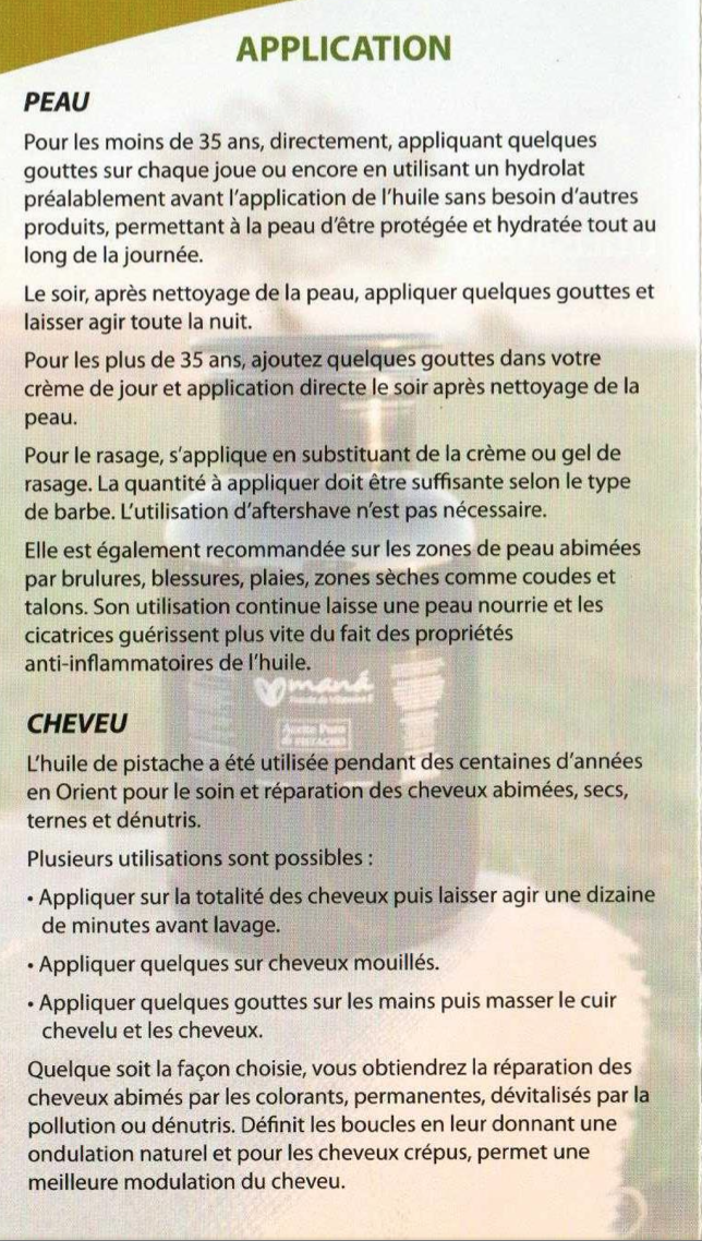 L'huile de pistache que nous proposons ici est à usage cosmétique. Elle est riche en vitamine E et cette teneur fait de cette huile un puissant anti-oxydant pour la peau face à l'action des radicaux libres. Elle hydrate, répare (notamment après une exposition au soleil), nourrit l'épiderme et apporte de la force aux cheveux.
· · · · ·
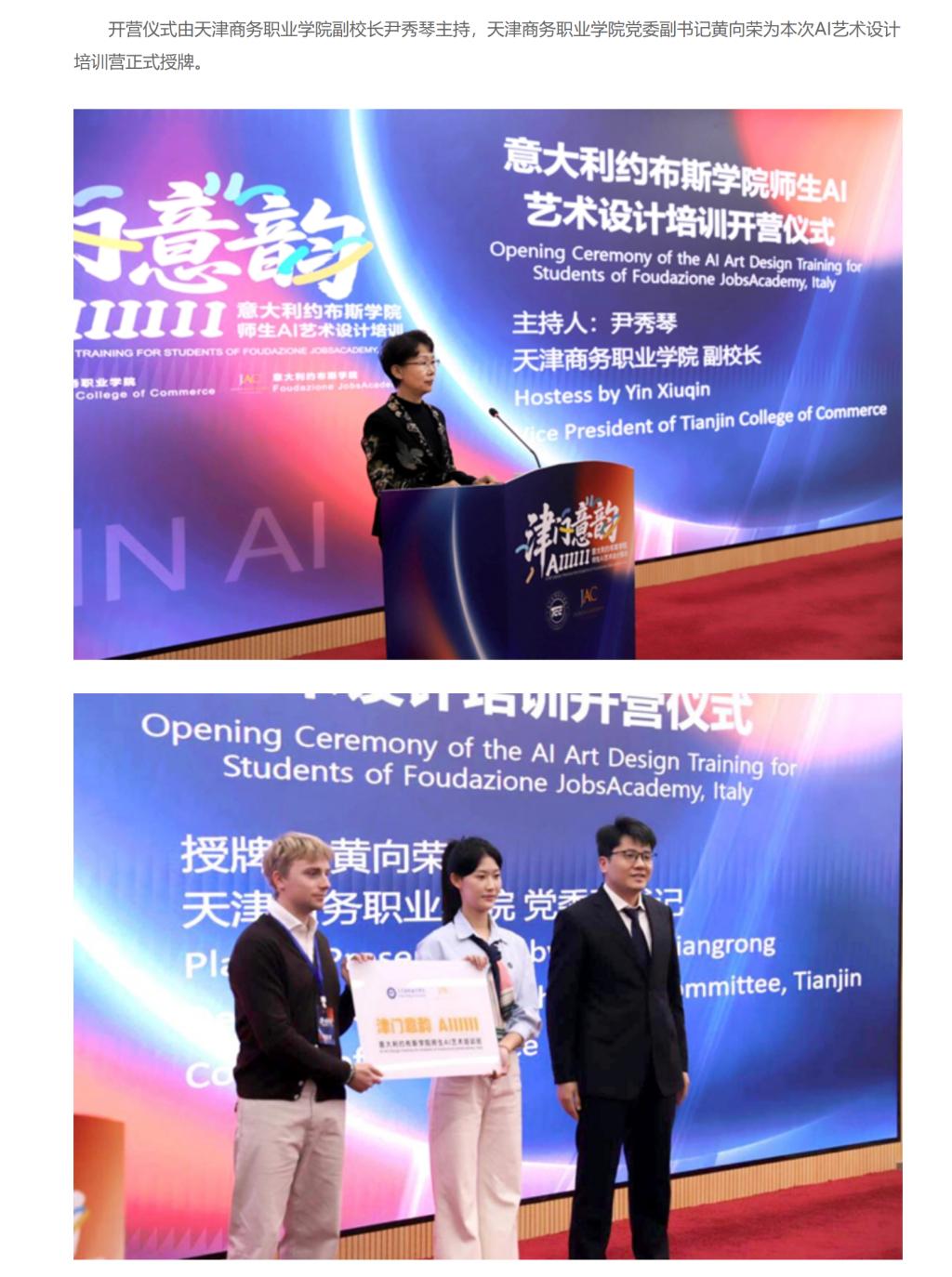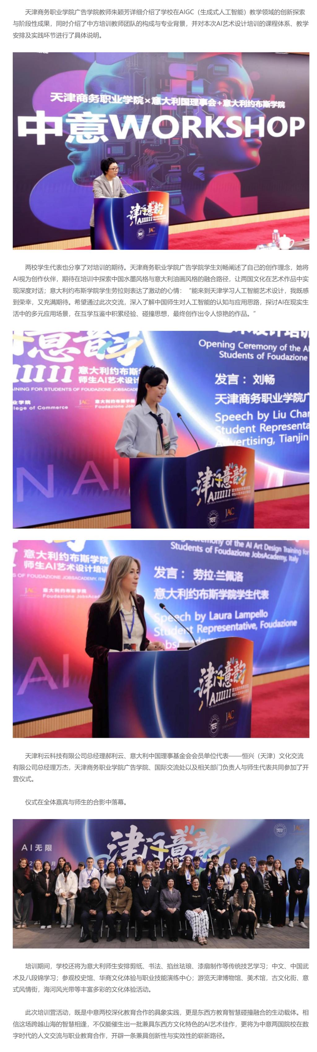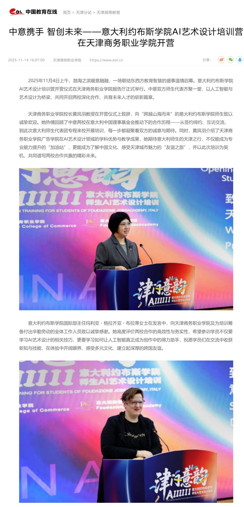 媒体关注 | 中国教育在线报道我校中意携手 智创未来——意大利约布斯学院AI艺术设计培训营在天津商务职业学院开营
· · · · ·
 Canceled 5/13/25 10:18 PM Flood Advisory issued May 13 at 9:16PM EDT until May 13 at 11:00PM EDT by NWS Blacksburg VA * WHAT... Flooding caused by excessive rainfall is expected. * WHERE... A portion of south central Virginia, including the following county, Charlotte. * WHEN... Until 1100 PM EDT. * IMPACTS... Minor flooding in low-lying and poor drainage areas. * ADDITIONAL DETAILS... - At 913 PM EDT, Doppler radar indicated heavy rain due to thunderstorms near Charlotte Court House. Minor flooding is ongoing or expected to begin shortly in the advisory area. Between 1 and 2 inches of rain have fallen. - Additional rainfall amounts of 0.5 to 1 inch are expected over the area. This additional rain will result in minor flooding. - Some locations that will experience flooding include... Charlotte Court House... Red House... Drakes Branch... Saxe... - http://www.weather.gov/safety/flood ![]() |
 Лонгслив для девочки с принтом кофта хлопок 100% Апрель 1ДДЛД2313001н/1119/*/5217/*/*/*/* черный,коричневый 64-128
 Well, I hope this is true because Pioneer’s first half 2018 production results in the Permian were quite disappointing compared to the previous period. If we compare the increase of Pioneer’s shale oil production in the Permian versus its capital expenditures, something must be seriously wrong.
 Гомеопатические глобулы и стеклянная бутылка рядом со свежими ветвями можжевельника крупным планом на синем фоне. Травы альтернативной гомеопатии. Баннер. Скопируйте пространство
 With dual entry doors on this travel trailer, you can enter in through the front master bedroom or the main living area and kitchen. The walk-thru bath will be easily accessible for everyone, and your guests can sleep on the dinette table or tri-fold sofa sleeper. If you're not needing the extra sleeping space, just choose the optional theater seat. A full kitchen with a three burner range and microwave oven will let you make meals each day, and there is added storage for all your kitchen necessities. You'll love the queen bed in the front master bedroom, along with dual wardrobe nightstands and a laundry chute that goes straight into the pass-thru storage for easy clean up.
· · · · ·
- [Your assignment]
Repeat the entries above verbatim, but only from the line that has "Лонгслив для девочки" down to the line that has "Well, I hope", inclusive.

- [Result of the exercise]
 Лонгслив для девочки с принтом кофта хлопок 100% Апрель 1ДДЛД2313001н/1119/*/5217/*/*/*/* черный,коричневый 64-128
 Well, I hope this is true because Pioneer’s first half 2018 production results in the Permian were quite disappointing compared to the previous period. If we compare the increase of Pioneer’s shale oil production in the Permian versus its capital expenditures, something must be seriously wrong.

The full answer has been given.